Well, let’s examine this block in detail. Analysis are commented in green.

//Analysis will be using the first loop as an example for easy understanding

//idx4 is a newly introduced variable that will be updated by the fourth repeating block;
//For this first loop it is initialised with the value zero.
LOBYTE(idx4) = 0;
loopCounter = 2;
//pKeyState_Element is used to point to an element in the key state array.
//It is initialised to point to the 2nd element in the key state array.
pKeyState_Element = (int *)&pKeyStateStruct->pKeyState[1];
do
{
	//Since pKeyState_Element is refencing to the 2nd element,
	//By minusing one from this pointer, it will reference to the previous element (pKeyState[0]).
	//Therefore tmp_element1 will store the value pKeyState[0]
        tmp_element1 = *(pKeyState_Element - 1);

	//As pKeyState_Element is currently refencing to the 2nd element,
	//By adding four, it will be referencing to the 6th element.
        pKeyState_Element += 4;

	//The casting of the overall result to unsigned __int8 would be effectively modulus the result by 256.
	//Since loopCounter is initialised as 2, the result of loopCounter - 2 is 0.
	//idx1 = idx4 + pKeyState[0] + key [0 % key_length]
        idx1 = (unsigned __int8)((_BYTE)idx4 + tmp_element1 + key[(loopCounter - 2) % key_length]);

	//pKeyState_Element - 5 will reference to the first element.
	//pKeyState[0] = pKeyState[idx1]
        *(pKeyState_Element - 5) = pKeyStateStruct->pKeyState[idx1];

	//pKeyState [idx1] = original pKeyState [0]
	pKeyStateStruct->pKeyState[idx1] = tmp_element1;

	//Hence it is easy to summarise the statements above as
	//Swap (pKeyState [0] , pKeyState[idx1]), 
	//Where idx1 = idx4 + pKeyState[0] + key [0 % key_length], and idx4 is the "previous idx".

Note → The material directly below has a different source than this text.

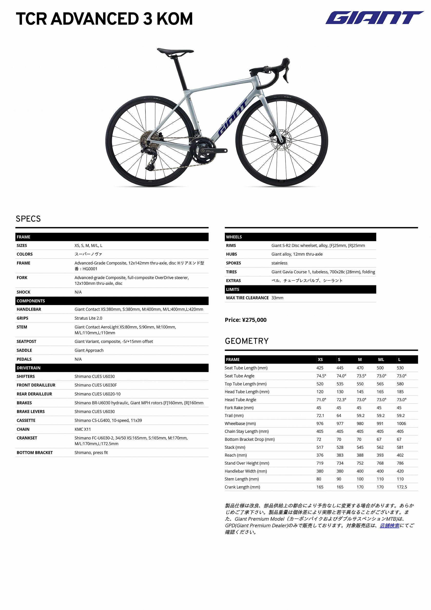 最新の仕様については公式サイト GIANT / Liv の情報をご確認ください

From the analysis above, it is interesting to see that the Swap function is actually subsumed into this loop. Additionally, with the blocks being repeated four times, “redundant” variables are also introduced. The repeated variables are “temp” variables which are used to support the swap, and the derived index are repeated four times. It is also observed that these variables are used in a ring manner.

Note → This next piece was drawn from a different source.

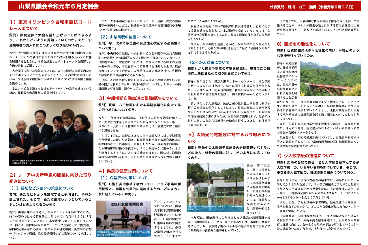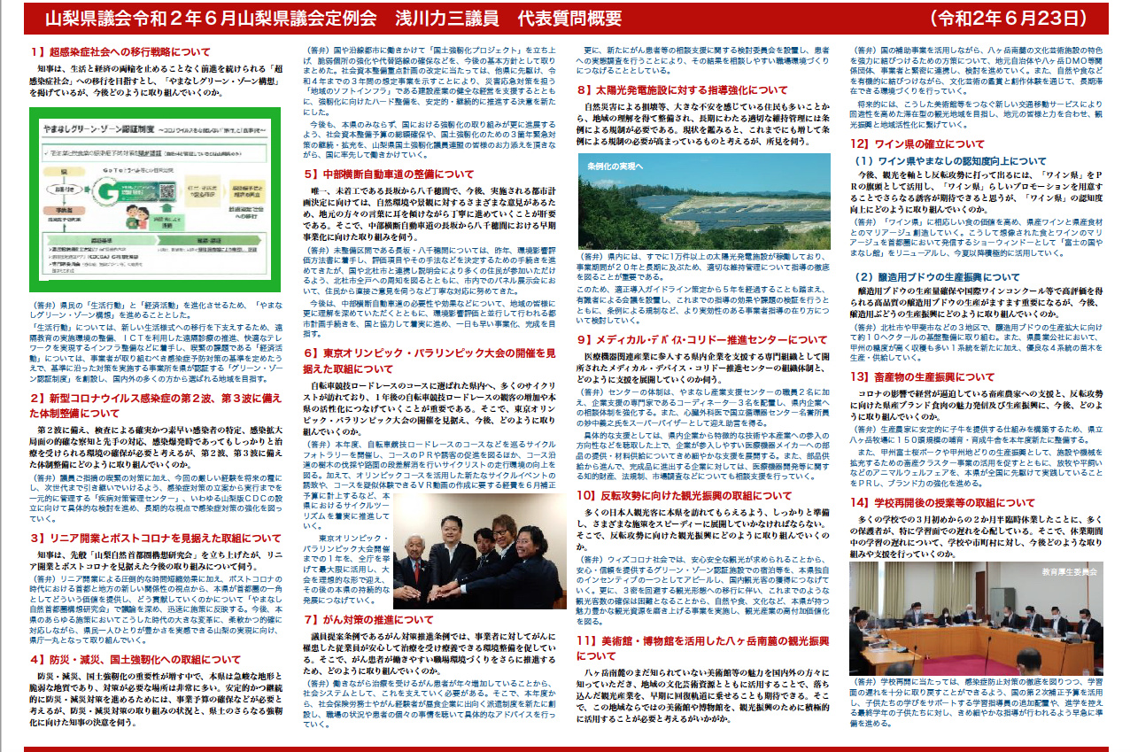 山梨県議会6月定例会の代表質問でも、これまでにも増して条例による規制の必要性が高まってきているものとの認識の下、条例制定に向けた知事の考えを質し、知事は、条例による規制など、より実効性のある事業者指導のあり方について検討をしていくと答弁しています。

After breaking down all and analyze the statements, it is not hard to see that this the RC4 key scheduling function.

Analysis of RC4  function

Next, we will proceed to analyse the RC4 function. See decompiled codes below.

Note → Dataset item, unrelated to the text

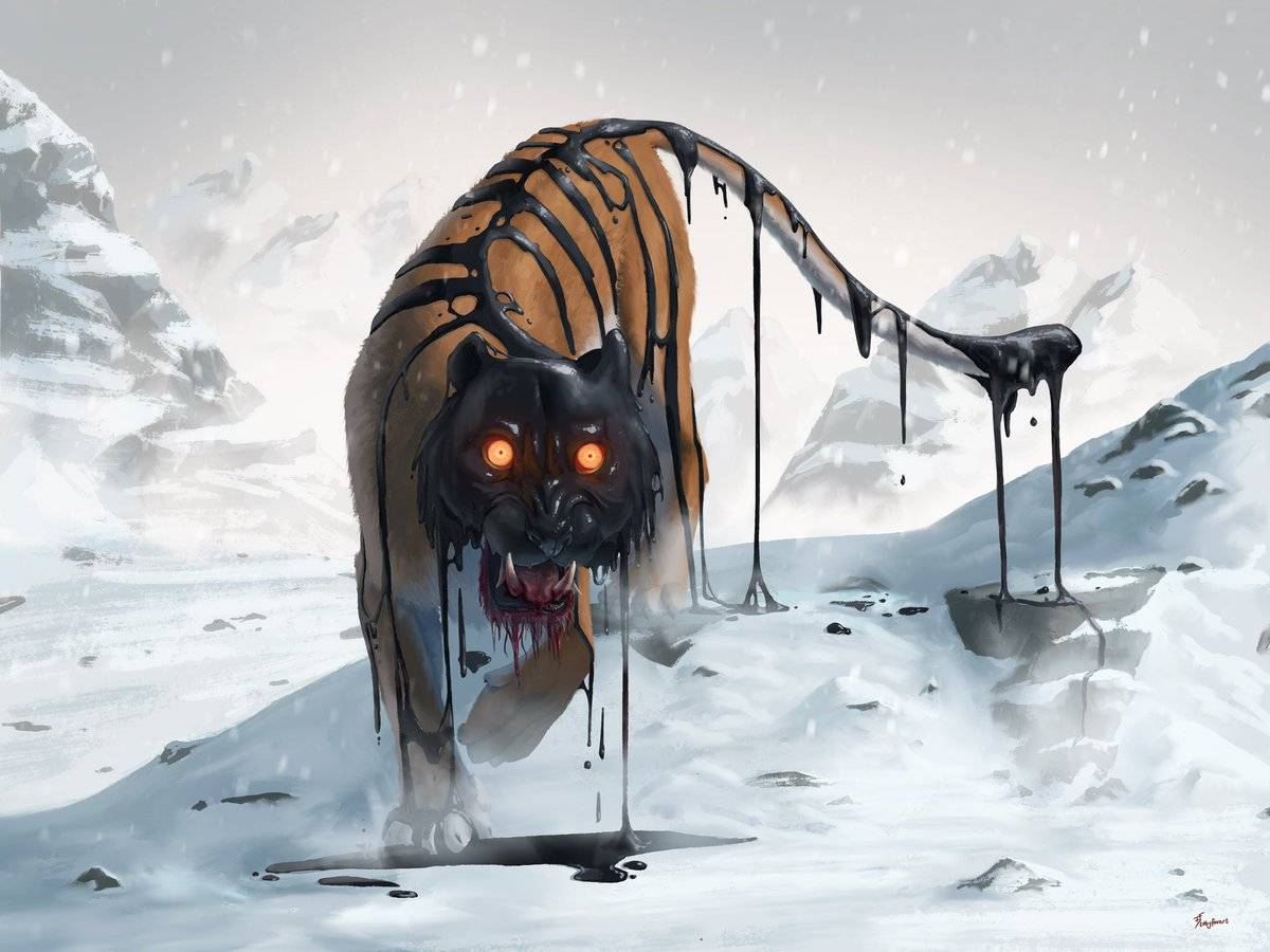 and when they were renovating that farm house somewhere south of Kraków, on a meadow near a forest, and it was a marvellous, mild Autumn, and they were getting rid of the lead paint and sanding and waxing the beautiful heavy floorboards, and the sunlight fell in through the windows and they drank cold fountain water and looked at their work, the air cool on their sweaty brows, and they were talking to each other about how they would invite all their friends, and have a three-day party, and how their friends would like it so much that they would stay and live with them, just the best ones, the ones closest to their hearts, and they would sit on the veranda and maybe start smoking pipes full of sweet tobacco, and there would be children and dogs and cats and hens running about everywhere, it would be chaos but comfortable chaos, honey-like, dripping from the walls and from that magical attic where they planned to have something like an old-fashioned home cinema with a projector and everything, and show films they loved, and they would be able to open the freshly installed attic windows and let the night breeze in, and it would be lovely, and they realized they were building a dream home and it would house a dream tiger, and they would encounter it, in the night time, in the black corridor that led to the bahtroom, and it would look like this

In this RC4 loop, it is not hard to see that this do-while loop iterates only 32 times and not 128 times. With the the optimization of the loop, the contents are repeated four times in each loop. As a result, the block of statements are repeated 4 x 32 times. In the figure above, I have tried to visually separate the “repeated” blocks using red and green boxes.

Just like the key scheduling algorithm, the swap function is subsumed within this function with the help of the four newly introduced temp variables.

Below details the analysis for the block using comments in green.

  outBuf = outputBuffer;
  y_4 = pKeyState_struct->y;
  inBuf = inputBuffer;
  x_4 = pKeyState_struct->x;
  loopCounter = 32;
  do
  {
	//x = x + 1
        x_1 = (unsigned __int8)(x_4 + 1);

	//tmp = pKeyState[x]
        keyState_tmp1 = pKeyState_struct->pKeyState[x_1];

	//y = pKeyState [x] + y
        y_1 = (unsigned __int8)(keyState_tmp1 + (_BYTE)y_4);

	//pKeyState[x] = pKeyState [y]
        pKeyState_struct->pKeyState[x_1] = pKeyState_struct->pKeyState[y_1];

	//pKeyState [y] = tmp; 
        pKeyState_struct->pKeyState[y_1] = keyState_tmp1;

	//The statments above suggests Swap(keyState[x],keyState[y]);

	//*outBuf = *inBuf XOR keyState [ (tmp + keyState [x]) % 256]
	//which can be interpreted as: *outBuf = *inBuf XOR keyState [ (keyState[x] + keyState [y]) % 256]
	//since tmp is the old keyState [x] and keyState [x] is keyState [y] after the swap
        *outBuf = *inBuf ^ LOBYTE(pKeyState_struct->pKeyState[
			(unsigned __int8)(keyState_tmp1 + (unsigned __int8)pKeyState_struct->pKeyState[x_1])]);

Again, after breaking them down, it is not hard to see that it is the same implementation as RC4 encryption algorithm.